Betsy cackled.

  “Sketchy! I love that. You’re talking to a bird in an airport Marriott.”

  Betsy had a point. Quentin badly wanted to get Plum alone and ask her why she was doing this and what she knew about it and if she was all right. He was worried about her, and what’s more he needed an ally, and she was the likeliest candidate. Betsy picked up the phone and began whispering confidingly to room service.

  “You’re sure we don’t need more people,” he said. “What about a psychic? A healer?”

  “I am sure.”

  “When do you expect this all to happen?” Pushkar asked. “How soon?” Of them all he looked the least like a master thief. He didn’t look like a magician at all. Maybe it was camouflage; he certainly seemed to be the most comfortable with the whole situation.

  “We don’t know,” Lionel said.

  “Yes, but weeks? Months? I must notify my family.” He was also the only one of them wearing a wedding ring.

  “I am not living in Newark Airport Marriott for months.” Betsy broke off her phone conversation. “FYI. Or weeks. Or one week singular. The only natural fibers in my room are the hairs in the bathtub.”

  “We’ll tell you as soon as we know.”

  “So to recap,” Quentin said. “Two bad people—known killers who are, with respect, much scarier than we are—have a suitcase somewhere on the eastern seaboard, precise location unknown, contents unknown, under an incorporate bond. And we are going to take it away from them.”

  “We have the numbers,” the bird said. “And the element of surprise.”

  “If this works I for one will be very surprised,” Pushkar said cheerfully. “Is there something you’re not telling us?”

  “What about that incorporate bond?” Plum said. “How are we going to break it? What with that being impossible and all.”

  “We will have to do the impossible,” the bird said, “which is why I hired magicians and not accountants. I mentioned resources earlier. We will discuss each of your needs individually.”

  The meeting gradually disintegrated. Quentin stood up. They could talk about his needs later, whatever they were. For now he needed some air, and some food, and maybe a drink to celebrate the beginning of his new life of crime. Something soft brushed his ear and prickled his shoulder, and he had to resist the instinctive urge to slap at it. It was the bird.

  “Christ!” he said. “Don’t do that.”

  Maybe you got used to it. Julia had.

  “Do you know why I asked you here?” it whispered, putting its beak right up against his ear.

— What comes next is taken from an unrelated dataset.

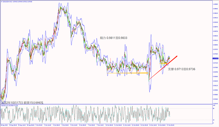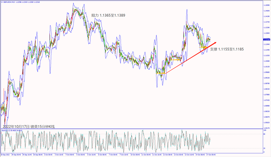 上周五(14日)欧洲副央行行长下调2023年欧元区GDP利淡油价和加元,美加若守住5日均线1.3813,建议可短多操作。前天(15日)欧洲央行管委诺特预期未来几个月进一步加息利好欧元,欧美一旦突破小时布林带上轨线0.9760,建议可短多操作。昨天(16日)英国新任财长大刀阔斧废除前任财长调整的税率有望利好英镑,镑美若突破30日均线1.1254,建议可短多操作。

  “I could make a pretty good guess.”

  “It is not for your skill at mending.”

  “That wasn’t going to be my guess.”

  The bird flew off again, back to Lionel’s shoulder, which Quentin now noticed was worn and stained with use.

  —

  Plum agreed to meet him in the hotel bar.

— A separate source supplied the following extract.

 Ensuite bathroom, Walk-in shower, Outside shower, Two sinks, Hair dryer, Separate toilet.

  The lights were too bright, and there were too many TVs, but it was a bar, and that was another place, like bookstores, where Quentin felt at home. Drinks were a lot like books, really: it didn’t matter where you were, the contents of a vodka tonic were always more or less the same, and you could count on them to take you away to somewhere better or at least make your present arrangements seem more manageable. The other patrons appeared to be business travelers and tourists who’d been stranded by canceled flights; looking around Quentin was pretty sure there was not one single person in the bar who was actually there by choice.

  It was no time for half measures. He took a seat next to Plum and ordered a gin martini, dry, with a twist.

  “I thought you were a wine person,” Plum said. She’d ordered mineral water.

  “Lately I’ve had to up my dosage. I thought you were a wine person.”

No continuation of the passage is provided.